For the second question, I'll turn it over to Dr. Asher.

20:14

Dr. Asher

Yes, thank you.

We did not specifically model exactly how many scenarios exceeded the size of the 2014-2016 Ebola outbreak in West Africa. But as the data I was presenting earlier shows, in more... in about two-thirds of the simulations within the next three months, under the scenario in which only 20% of cases isolate, are isolated within 2 days, it exceeds 20,000 cases over the next 3 months. So those would be substantially very large outbreaks, and there are simulations that do exceed that over a longer period of time.

21:03

Mr. Haynes

Sophie Gardner, you have the next question.

21:07

Sophie Gardner, Politico

Hi, thanks for taking my question. I was just looking at the Notes From the Field, and I noticed there doesn't seem to be a suspected, a case count or death count, and I'm wondering if that's information that we have. Thank you.

21:26

Dr. Pillai

In DRC, they ... in the Democratic Republic of Congo, they have been reporting on suspect cases, and all this data is available through the Ministry of Health websites, and so I would encourage you to visit their websites, as well as the CDC websites, for the latest, numbers for confirmed and suspect cases. Issues regarding ongoing review of the cases, diagnostic testing of individuals that were suspected and then are either confirmed to have Ebola, or then confirmed not to have Ebola, does result in the numbers changing, over time.

Mr. Haynes

Celine, you have the next question.

22:16

Dr. Céline Gounder, CBS News

Yeah, this is Dr. Celine Gounder with CBS News.
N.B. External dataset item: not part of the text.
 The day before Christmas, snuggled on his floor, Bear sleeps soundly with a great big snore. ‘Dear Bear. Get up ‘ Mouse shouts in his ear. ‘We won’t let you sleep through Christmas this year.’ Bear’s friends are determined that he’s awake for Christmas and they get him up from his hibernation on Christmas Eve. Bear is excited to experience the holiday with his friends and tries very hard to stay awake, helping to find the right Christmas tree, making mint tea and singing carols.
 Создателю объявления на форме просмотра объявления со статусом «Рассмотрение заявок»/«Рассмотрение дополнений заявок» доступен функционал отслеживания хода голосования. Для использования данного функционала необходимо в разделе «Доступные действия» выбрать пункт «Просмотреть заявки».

Are we seeing evidence of community transmission in Kampala, or do all the cases still trace back to importations from the DRC? And secondly, you had WHO and Africa CDC that are launching a $518 million joint response plan. The U.S. has withdrawn from WHO; will U.S. money flow into that WHO-led plan? And will the U.S. or CDC be coordinating with that plan?

22:51

Dr. Pillai

To the first question, from the information that we have gathered and that has been released by the Ministry of Health and in our ongoing engagements with them, there's no evidence of community transmission, in that all the cases have a link to travel from the Democratic Republic of Congo or are related to said travelers.

Regarding coordination, CDC, works across the United States government, and we're partnering wit, international organizations and, and particularly with our Ministry of Health colleagues who are our key partners in the countries in which these outbreaks are unfolding.
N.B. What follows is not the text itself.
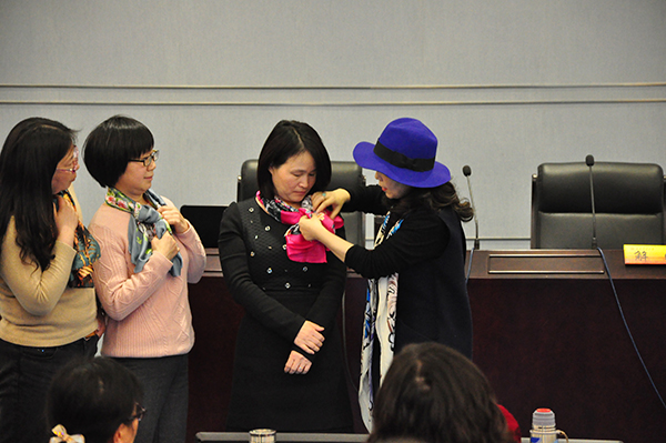 讲座最后,解晴女士还与老师们进行了现场互动,用漂亮的丝巾为女教职工当场扮美并进行现场展示,赢得大家热烈的掌声。
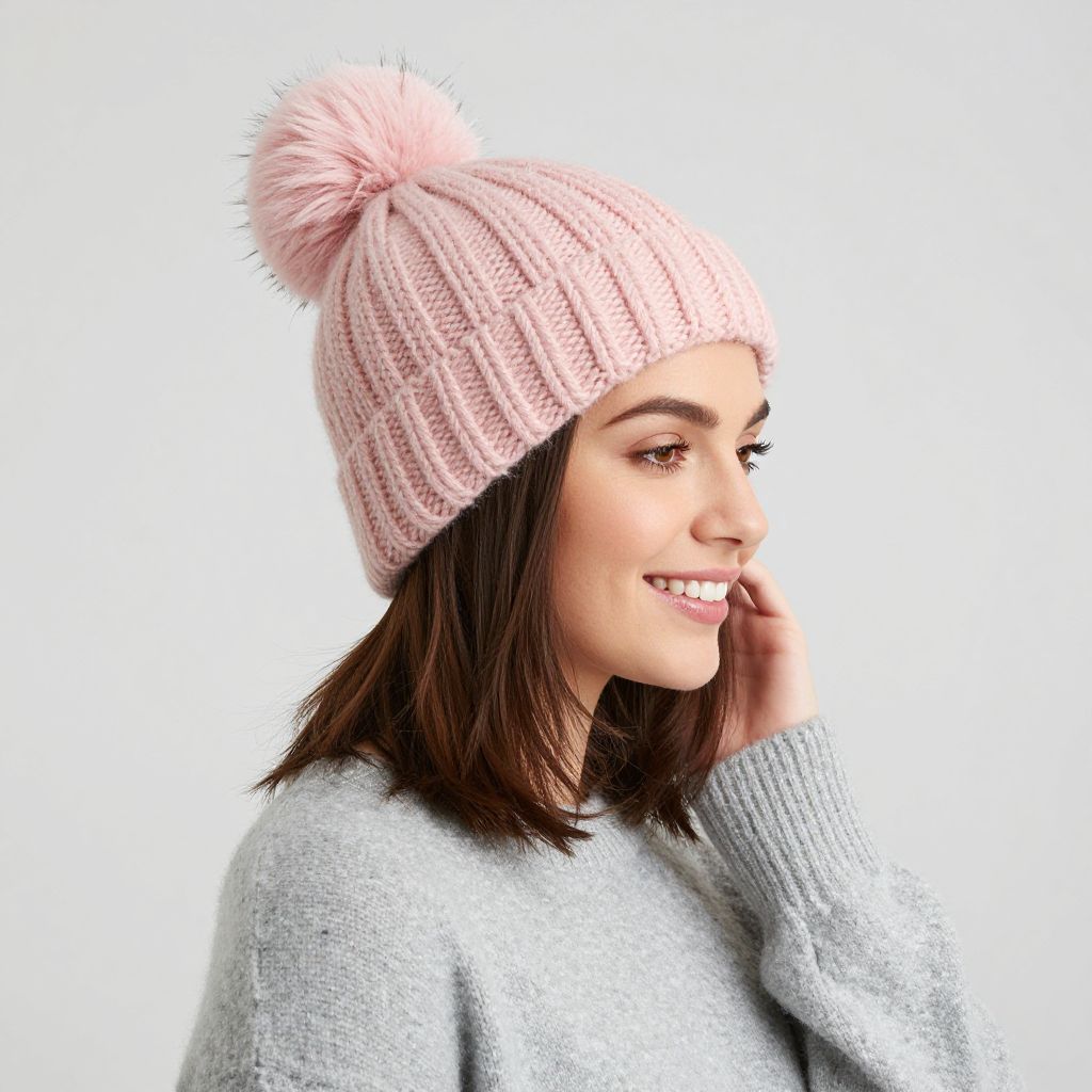 Smiling woman wearing a cozy pink knitted hat with a fluffy pom-pom, paired with a soft gray sweater, exuding warmth and style for fall or winter.

And CDC will continue to work within the United States government to ensure that the resources that we have are going towards controlling and containing the outbreaks in the affected countries.

Mr. Haynes

And our last question will come from Erika Edwards from NBC.

23:55

Erika Edwards, NBC News

Hey, thanks so much for taking the question. I'm curious, with the WHO downgrading the number of suspected Ebola cases significantly this week, does that modeling take that into account? Thank you.

24:07

Dr. Pillai

So I'll turn to Jason, and then I can add if there's anything additional.

24:15

Dr. Asher

Yes, thank you for the question. So, the uncertainty that you talked about was specifically part of the design of our study. That is why we considered different candidate scenarios for the possible number of deaths that had occurred as of May 24th, so that's why we considered that range, to bracket the uncertainty about the true number of deaths as of that date.

24:40

Mr. Haynes

Nothing to add? OK.

Once again, thank you all for joining us today. The MMWRs that we spoke about are posted online at www.cdc.gov/mmwr, and we will have the transcript and recording on the CDC media site later today.